The referenceSearch (https://github.com/govscienceuseR/citationSearch) tool from govscienceuseR needs two basic inputs: (1) a set of extracted references from source documents; and (2) a set of canonical citations against which the extracted references can be searched. The user can customize this source set.
The indexBuild package provides a way to automate a tailored reference set by querying and compiling bibliographic records from the open-source academic information liberary openAlex.org.
The full openAlex database is ~300GB and so hosting the entire database is not a good time. indexBuild provides options for downloaded a customized subset filtered by attributes such as concept area, date, and citation count. This package is inspired by the openalexR package (https://cran.r-project.org/web/packages/openalexR/index.html) but serves a slightly different purpose: whereas openalexR works well for targeted queries (sort of like using Google Scholar), indexeBuild is designed to produce a custom reference library.
indexBuild currently does three main tasks: (1) search and identify IDs for venues (e.g., journals) and concept tags in openAlex; (2) query works associated with venues or concepts in openAlex and return a json database; (3) turn json file trees for openAlex works into a row-wise data.table object with a simple subset of metadata. Right now, the first two tasks are split across venues and concepts, e.g., there are separate extractVenues() and extractConcepts() functions. At some point, these can be combined.
To get information about a journal, you can feed in a journal title:
queryVenues(venue_string = 'Journal of Public Administration Research and Theory')
and get information about a concept, you can feed in a concept.
queryConcepts(concept_string = 'public administration')
Both functions use basic string search, and the openAlex API stems by default. The results of the function are somewhat different, because we assume that the user knows what venue they are interested in ahead of time, whereas concept search is likely to be more iterative.
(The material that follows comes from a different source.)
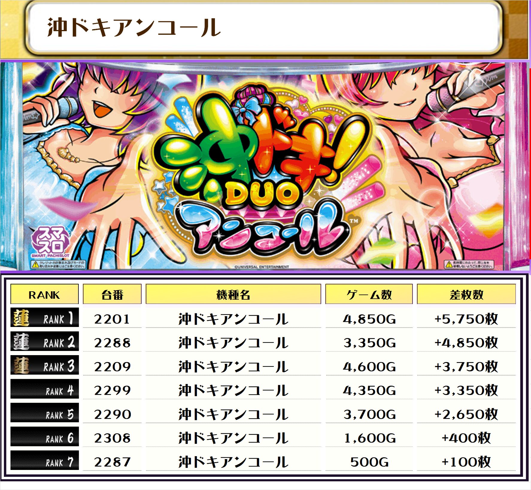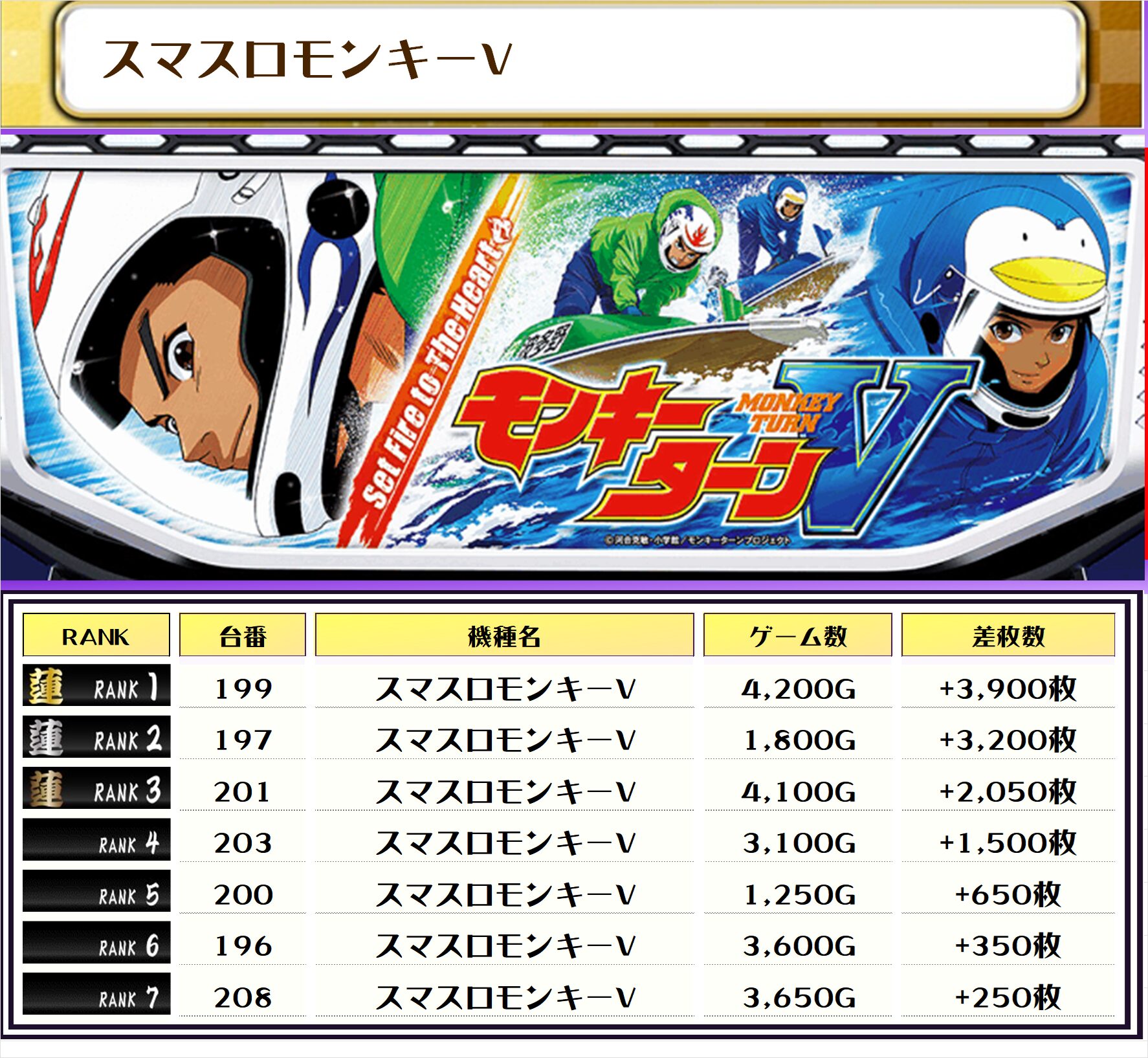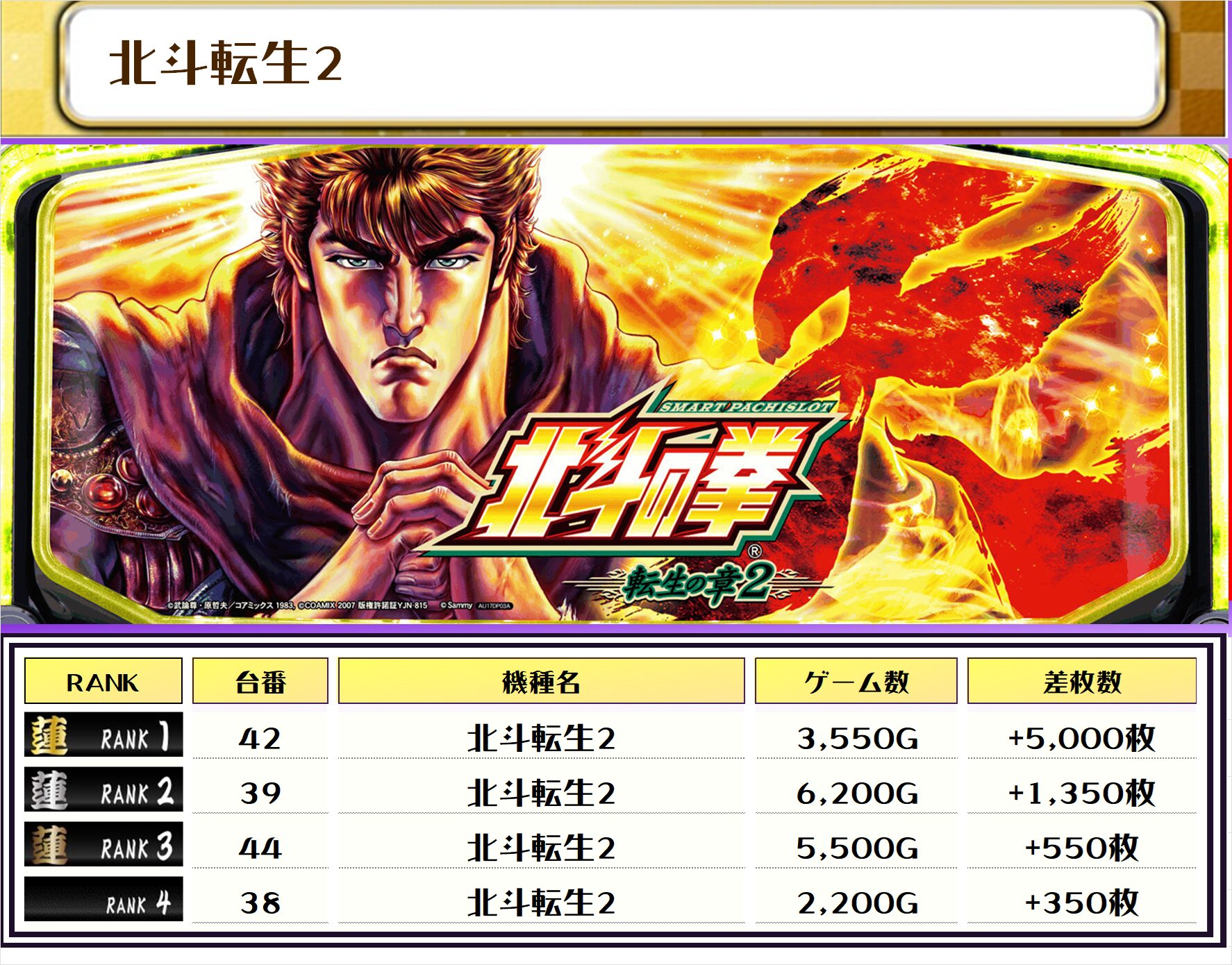 2位には【L島娘・2228番台】の+9,900枚、そして3位には【スマスロ北斗の拳・189番台】の+9,650枚がランクインしましたーっ🏆

Thus, queryConcepts returns a data.table of potential concept matches for the user to check out.
Once you have a concept or venue of interest, you can use the extractVenues() or extractConcepts() functions to query openAlex and return a set of "works" (an entity in the openAlex database that roughly corresponds to a publication, but groups cases where the same basic product is stored in both a journal and SSRN.). The extractXXX() functions also contain numerous options for filtering (e.g., by date) and controlling outputs (e.g., to reduce file size). The following example returns all JPART publications between 2015 and 2020, excluding paratext works (e.g., journal issue introductions, etc.)
extractVenues(concept_page = "https://openalex.org/V169433491",from_date = 2015,to_date = 2020,keep_paratext = F)